Second, as I understand it, her remarks related to her conduct as a non-governmental official more than 20 years ago. She did not claim to have denied government benefits on the basis of race, which would have been a violation of the applicant’s constitutional rights, but rather recounted a story of her time in, as I understand it, a non-profit organization. And it turns out that her story was merely a description of how she came to have more enlightened views on issues of race and poverty. If the government is going to fire everyone who has held conflicted views on race at some point in their lives — unconnected from government service — then we can thin the ranks of government employees relatively quickly. It is not surprising that a black woman growing up in the deep South might harbor some suspicions of her white brethren; it is reassuring that Sherrod was able to overcome those preconceptions, and it is refreshing that she could admit to having had them — an honest admission that certainly doesn’t cast her in the most flattering light, until you listen to her whole story.
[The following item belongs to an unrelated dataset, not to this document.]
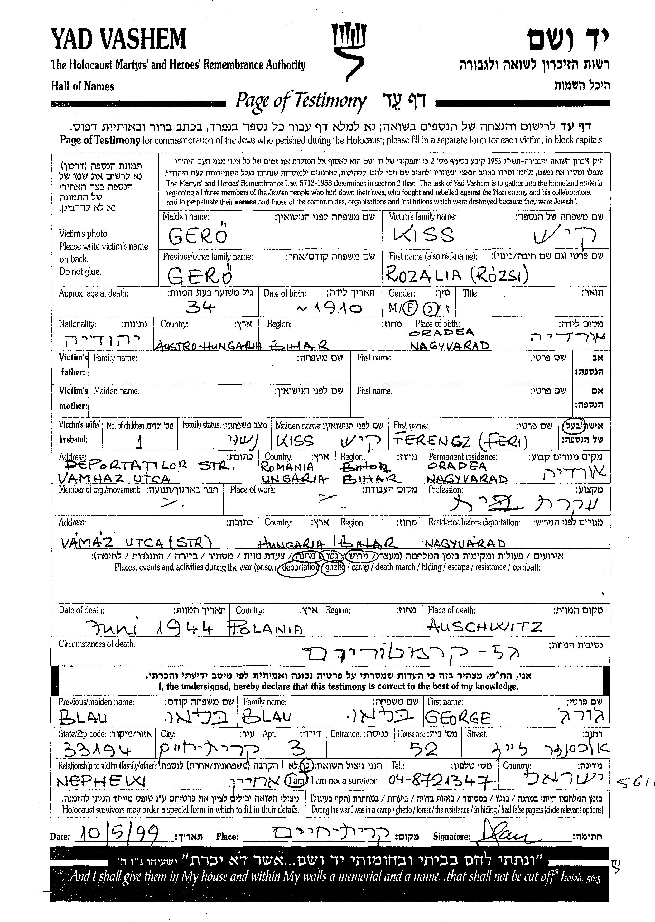 Rozalia Kiss née Gero est née à Oradea, Roumanie en 1910. Elle était Femme au foyer et Mariée à Ferencz. Avant la seconde guerre mondiale elle vivait à Oradea, Roumanie. Pendant la guerre, elle était à Oradea, Roumanie.

Finally, the conservative media has some ’splaining to do. It is dangerous to run with a story based on a snippet — and our colleagues on the right have as much of an obligation to investigate before rolling out an expose on someone (especially someone as obscure as Sherrod) as do those on the left (e.g., Dan Rather). Sherrod was a low-level bureaucrat, apparently appointed to the position of Georgia director of rural development by Tom Vilsack; it is a stretch to attribute the views of such a low-ranking functionary to President Obama.

An accusation of racism is serious business, one which neither white nor black should throw around willy-nilly. (I’ll note that Sherrod herself has been willing to use those accusations to her benefit in the past. According to this website, she was at least indirectly part of the plaintiff class of black farmers in the Pigford litigation, which dealt with claims of racial discrimination against black farmers. She personally received $150,000 in a settlement for her pain and suffering associated with denial of loans.) But in this particular episode, it would appear that Sherrod is owed an apology.